2. SwallowCode: Full Pipeline Optimization from Cleaning to Rewriting
The research team proposed a four-stage data processing pipeline that not only filters low-quality code but also completely rewrites the retained code:
(1) Syntax Error Filtering
First, the team used Python's built-in compile() function to check each piece of code, removing samples that failed to compile. This step alone reduced the samples by about 10.6%, laying the foundation for subsequent processing.
Interestingly, simply removing code with syntax errors can improve model performance on the HumanEval and HumanEval+ benchmarks.
(2) Code Quality Filtering
The team used Pylint (a widely used Python code quality checker) to score the code, keeping only samples with scores above 7.0 (out of 10). They also used a custom algorithm to penalize overly verbose comments. This step further reduced the samples by 34.3%.

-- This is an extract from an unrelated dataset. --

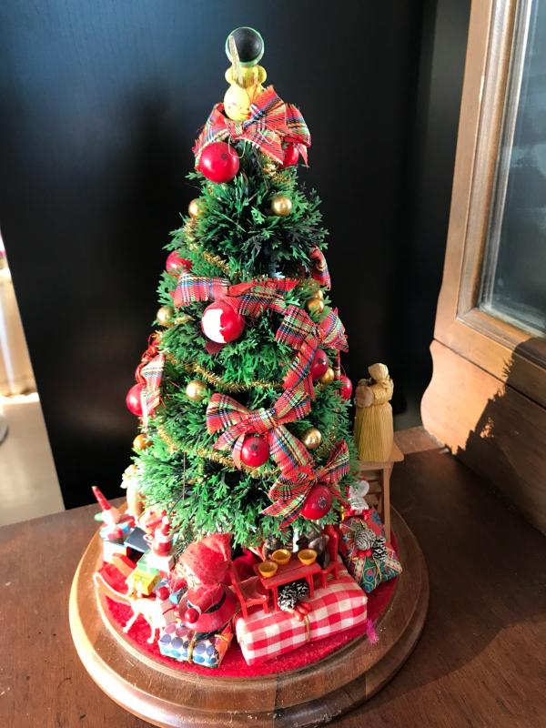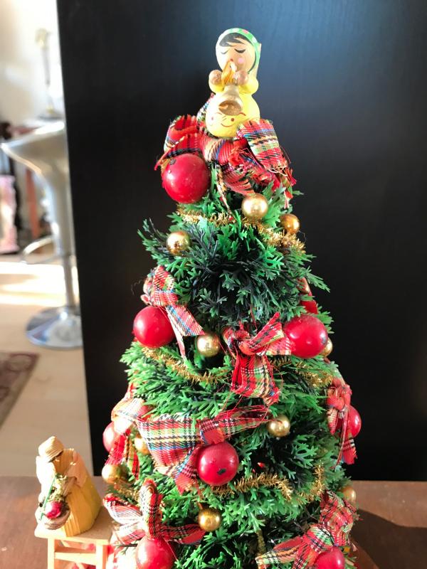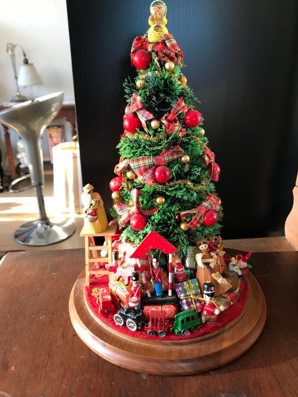 Miniature Christmas Tree on Walnut Base w/ Decorations [1142]
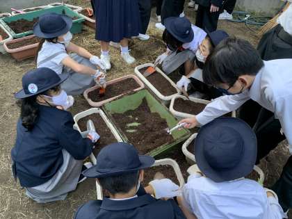 6年生が上町中学校に部活動体験に行ってきました。全部で10の部活動に分かれて、実際におこなわれている活動を体験します。写真は、園芸部、サッカー部、バドミントン部の様子です。

These seemingly strict filtering criteria proved worthwhile in subsequent tests, as they provided the model with higher quality "learning material."
(3) Style-Guided Code Rewriting (SGCR)
This stage used a Large Language Model (Llama-3.3-70B-Instruct) to rewrite the code according to the Google Python style guide:
1) Add docstrings and type hints
2) Unify variable reassignment patterns
3) Standardize function and class names
Through this step, the model's performance on HumanEval and HumanEval+ improved by over 9 percentage points!
(4) Self-Contained Optimization Rewriting (SCOR)
While SGCR primarily focuses on code style, SCOR further optimizes code semantics and functionality:
1) Ensure code self-containment: inline or satisfy external dependencies
2) Replace inefficient algorithms with more efficient ones
3) Transform trivial code snippets into meaningful executable examples
This step brought an additional 5 percentage points of performance improvement, emphasizing the importance of semantic-level rewriting.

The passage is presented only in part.